Providers of transaction services, merchants, payment processors and other suppliers to assist with the transactions and administration of the payment services.

Marketing and data analytics companies.

Review service providers who send customer feedback invitations on our behalf.

Our commercial partners who sell similar products and services.

Partners who provide features on our websites.

IT suppliers.

Risk and fraud prevention agencies and monitoring providers.

Our insurers and professional advisers.

Regulators and other government agencies including, but not limited to, public authorities, regulators, the police and other law

enforcement agencies.

Any company to whom we sell or buy any business or assets, in which case we may disclose your personal data to the prospective seller or buyer of such business or assets, along with its professional advisers.

We do not authorise any third parties that we share data with to use or disclose your data except as necessary to perform certain services on our behalf, to comply with legal requirements. We require these third parties, through our contractual arrangements with them, to appropriately safeguard the privacy and security of the data they process on our behalf.

We may also receive personal data about you from the following third parties:

  • Social media platforms
  • Your employer.
  • Data brokers.
  • Our commercial partners.
  • Public databases.
  • Regulators and other government agencies.

If you would like to receive a full list of our suppliers and other third parties who we share your data with or receive your data from then you can get in touch with us using the details provided in the section “How to reach us?”.

Where is your information transferred

As with any multinational organisation, we are often required to transfer data internationally. Accordingly, your personal data may be transferred globally (if your data is collected within the European Union, this means that your data may be transferred outside of it). This includes transfers that have been identified in the previous section “Who do we share your data with and for what purposes”.

When using personal data as described in this privacy policy, it may be transferred either within or outside the country or territory where it was collected, including to a country, territory or international organisation that may not have EU equivalent data protection standards.

For example, we may transfer your personal data to our vendors based outside the European Union. In all cases, the transfer will be on the basis of a European Commission adequacy decision or we will implement adequate measures, for example the EU Model Contracts, and including appropriate security measures, for the protection of personal data in those countries, territories or international organisations in accordance with applicable data protection laws. If you would like more information about any of the data transfer measures on which we rely please contact us using the details provided in the section “How to reach us”?.

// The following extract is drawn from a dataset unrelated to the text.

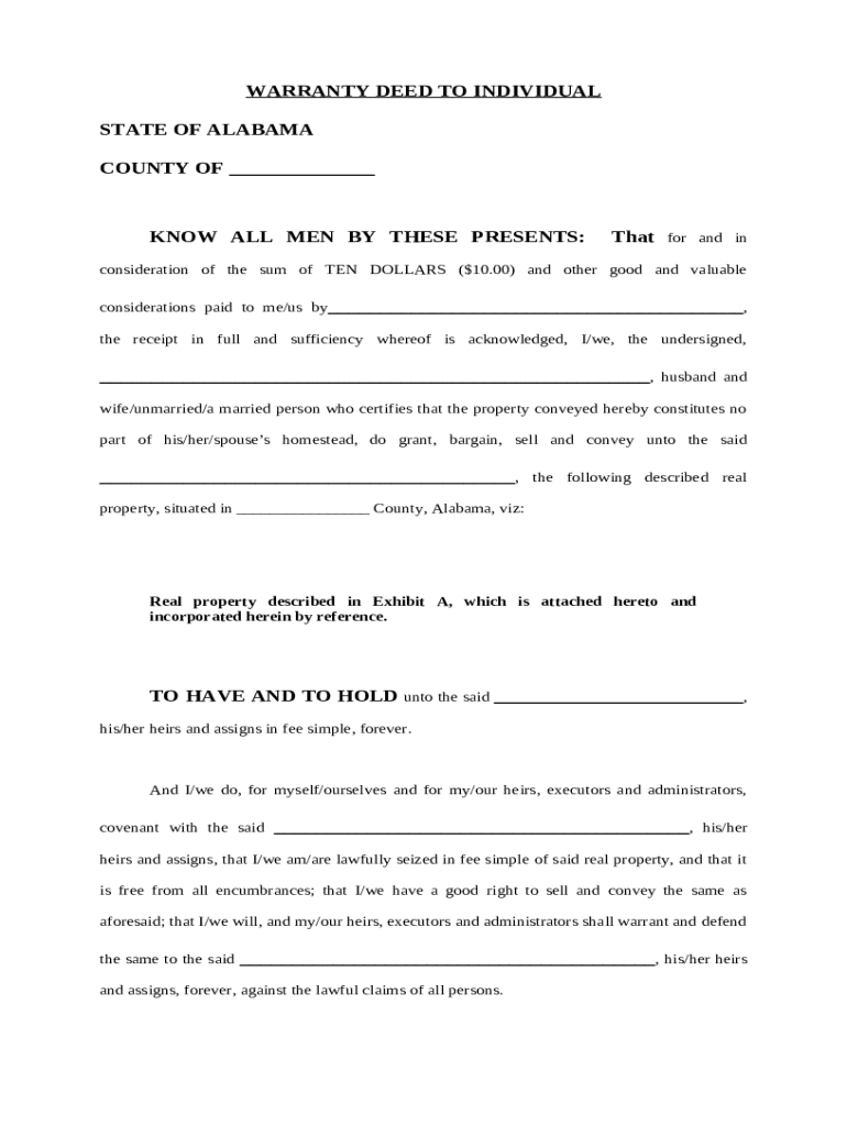 A warranty deed to individual is a legal document that transfers ownership of real property from one person to another, guaranteeing clear title and protection against claims.

How we keep your information secure

Corpay will take appropriate technical and organisational security measures to secure your personal data and to protect it from loss, misuse or alteration. Personal data that we hold about you is stored on our secure servers or those of our appointed suppliers. Our web pages that collect your data are secured with Secured Socket Layers (SSLs).

Where we have given you (or where you have chosen) a password which enables you to access certain parts of our website, you are responsible for keeping this password confidential. We ask you not to share this password with anyone.

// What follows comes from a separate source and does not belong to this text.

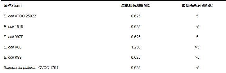對各供試菌株的MIC及MBC結果表明,重組蛋白對大腸埃希菌及沙門菌具有較高的抑菌活性,除E.coli K88外,最小抑菌濃度均在0.625 mg/mL,但其殺菌活性相對較弱,部分菌株的MBC值超過5 mg/mL,達到了MIC的8倍(表2)。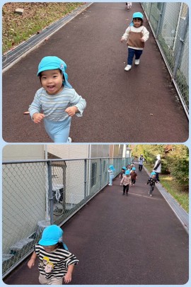保育風景 11月 子どもの姿 2025年11月30日(日) 寒さに負けず! 0才児ひよこ組 この日は、お部屋の中で体操ごっこ。 鉄棒を出して遊びました。 ぶら下がってこの笑顔。 未来の体操選手 楽しみです。 同じく 0才児。 太陽が出て ぽかぽかの日はお散歩に。 何か発見! お外はやっぱり気持ちいい~ 1歳児 りす組 遊歩道を自由に走る子どもたち。 走ることが大好きなりす組さんにとっては、 最高の場所です。 体力づくり頑張っています。 もどる

Corpay maintains an information security program that is designed to:

  • Secure and maintain confidentiality of your personal data.
  • Protect against anticipated threats or hazards to security or integrity of your data.
  • Protect against unauthorised access to or use of your data that could result in substantial harm or inconvenience to you or your entity if compromised.
  • Comply with applicable laws.

How long we may keep your data

We will only retain your personal data for as long as necessary to fulfil the purposes we collected it for, including for the purposes of satisfying any legal, accounting, or reporting requirements.

To determine the appropriate retention period for personal data, we consider the amount, nature, and sensitivity of the personal data, the potential risk of harm from unauthorised use or disclosure of your personal data, the purposes for which we process your personal data and whether we can achieve those purposes through other means, and the applicable legal requirements.

Details of retention periods for different aspects of your personal data can be requested by contacting the DPO.

In some circumstances you can ask us to delete your data, please see “Your Rights and Choices”.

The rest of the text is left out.